Blaylock expanded on the importance of the partnership.
He said, "Dr. Kaddoumi's research, in collaboration with Pennington Biomedical Research Center, promises to produce exciting and important results in the explanation of the development of dementia-type diseases."
According to Kaddoumi, "Blood-brain barrier dysfunction has a critical role in Alzheimer's disease and can promote the accumulation of beta amyloid—a hallmark of the disease—in brain blood vessels, and in many cases lead to the initiation of cerebral amyloid angiopathy(CAA)— a leading cause of vascular dementia in the elderly.
Kaddoumi continued, "Exact causes for blood-brain barrier dysfunction in CAA are not well known, thus our proposed studies will focus on the development of high throughput screening to understand the basis for blood-brain barrier dysfunction, identify small molecules that inhibit beta amyloid accumulation and toxicity at the blood-brain barrier, and ultimately inhibit the development of CAA.
El Sayed received $155,000 funding for "A High-Resolution Time-of-Flight Mass Spectrometry System for Enhancement of ULM Pharmaceutical Research," awarded for the acquisition of equipment to enhance research infrastructure.
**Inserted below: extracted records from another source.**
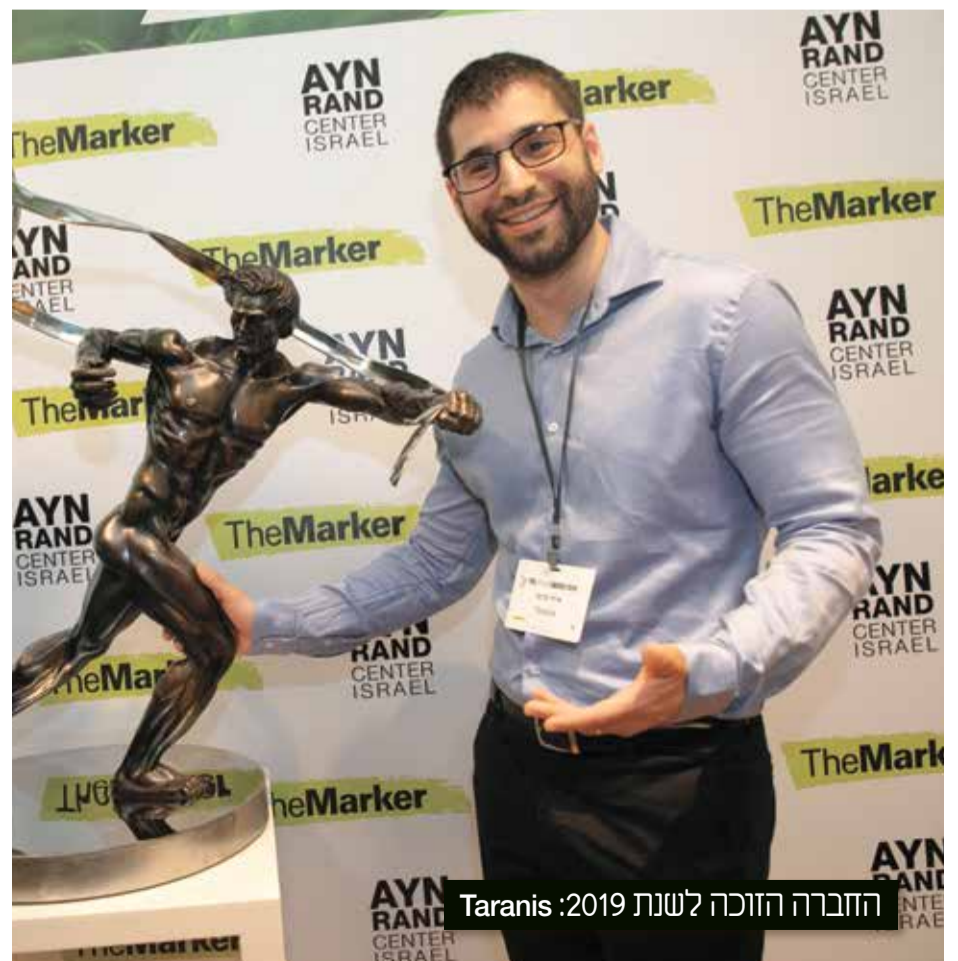
החברה הזוכה לשנת 2019: Taranis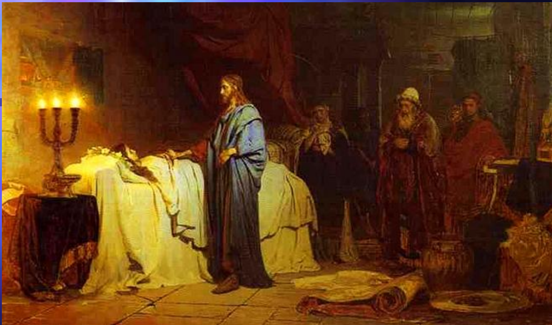
И.Е.Репин. Воскрешение дочери Иаира. 1871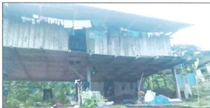
IMAGEN N° 07: VIVIENDAS EN LA LOCALIDAD SHUCHSHUYACU

"Año del Bicentenario, de la consolidación de nuestra Independencia, y de la conmemoración de las heroicas batallas de Junín y Ayacucho"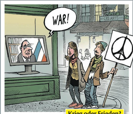
Krieg oder Frieden?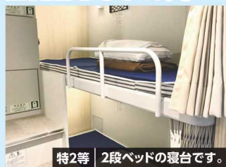
特2等 2段ベッドの寝台です。

おひとり様につき 1,000円増 で往路の船室を 1等にランクアップ することができます*子どもは500円 出発日の前日までに申し込みください 1等 ※他のお客様と男女相部屋になります。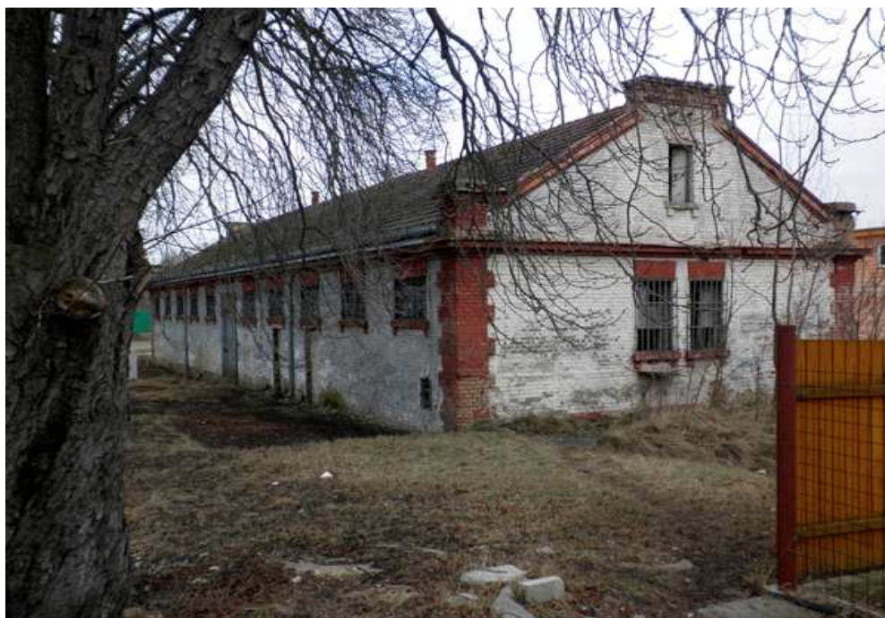
Budova pro ubytování mužstva v bývalém Kamenném táboře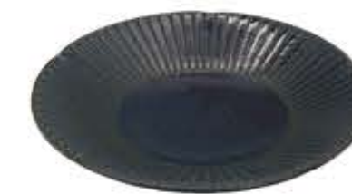
013046 7.0寸深皿 Φ22.3XH4cm 450g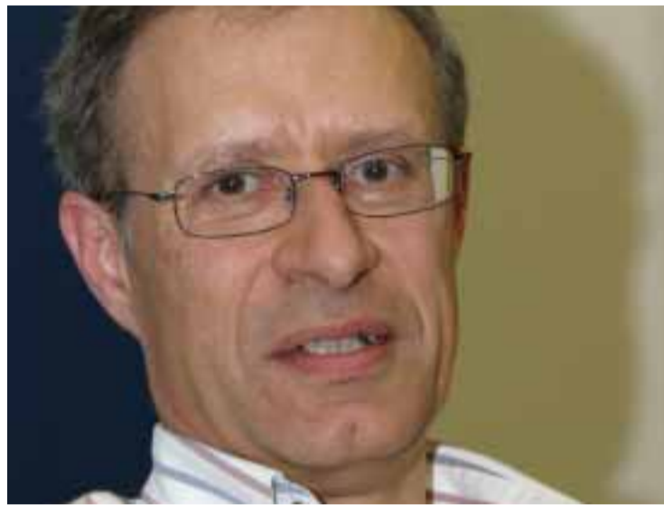
Francisco Louçã em Paris

Considera o líder bloquista que apesar da política de Sarkozy já não afectar os emigrantes portugueses "porque somos europeus, é contudo a altura de lutar contra esta cultura de discriminação que afecta sempre os mais pobres. É relevante a defesa do direito do trabalhador emigrante contra as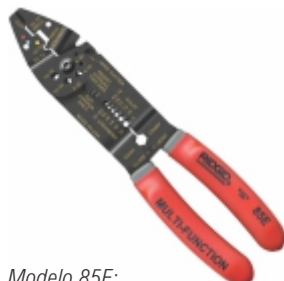
Modelo 85E: Com prensa terminal frontal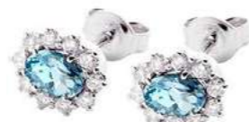
Art. OAM10 Orecchini AM. ct. 0,90 Diam. ct.0,40 gr. 2,90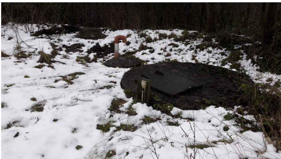
Figur 9. Perkolatsamlebrønd og pumpebrønd 2 til perkolat.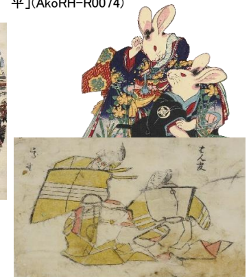
■ 無款「はん官・高野」(arcUP4796)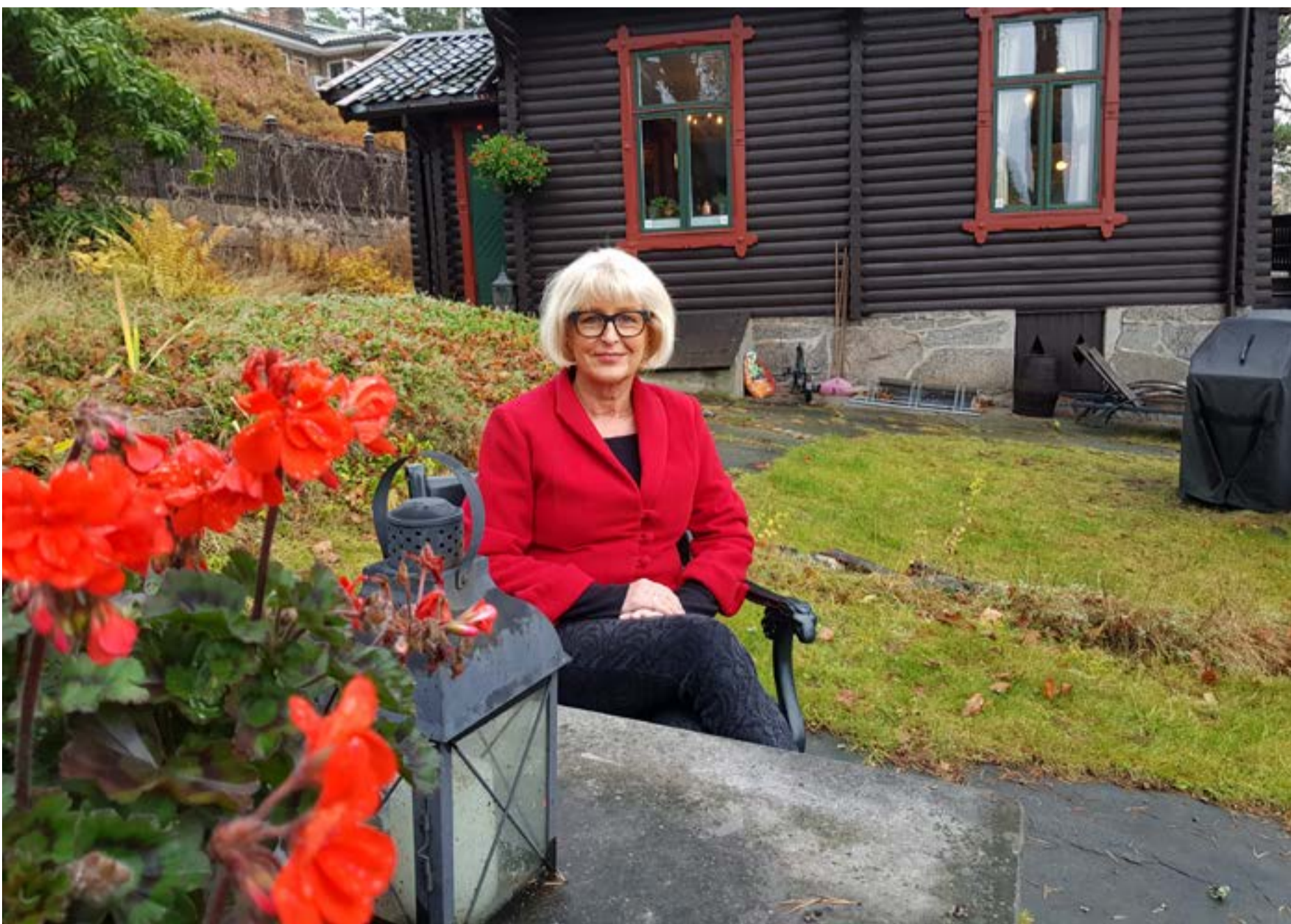
Hjemme er et fint sted å koble av.

Blaylock also commented on the importance of El Sayed's research, stating, "Dr. El Sayed's funding for the Mass Spectrometry system will add very powerful instrumentation for both his research program and those of several other Basic Pharmaceutical Sciences researchers."
El Sayed's proposal states, the "equipment will be used across a broad spectrum of research by a number of faculty."
"This was a perfect example of successful collaborative group efforts," said El Sayed.
"The diversity and potential of several ULM College of Pharmacy faculty research was compelling to the Board of Regents to be on the top of this mechanism's funding priorities. This sort of multi-user state-of-the-art pharmaceutical research technology is strengthening our educational and scholarly capability and represent important infrastructure needed to recognize the ULM College of Pharmacy as Louisiana's future drug discovery center."
El Sayed has taught full-time at ULM since 2003.
According to the BoR's final report, "One hundred twenty-four research proposals requesting a total of $7,184,398 in first-year funds were submitted for funding consideration in fiscal year (FY) 2012-13 to the Research Competitiveness Subprogram."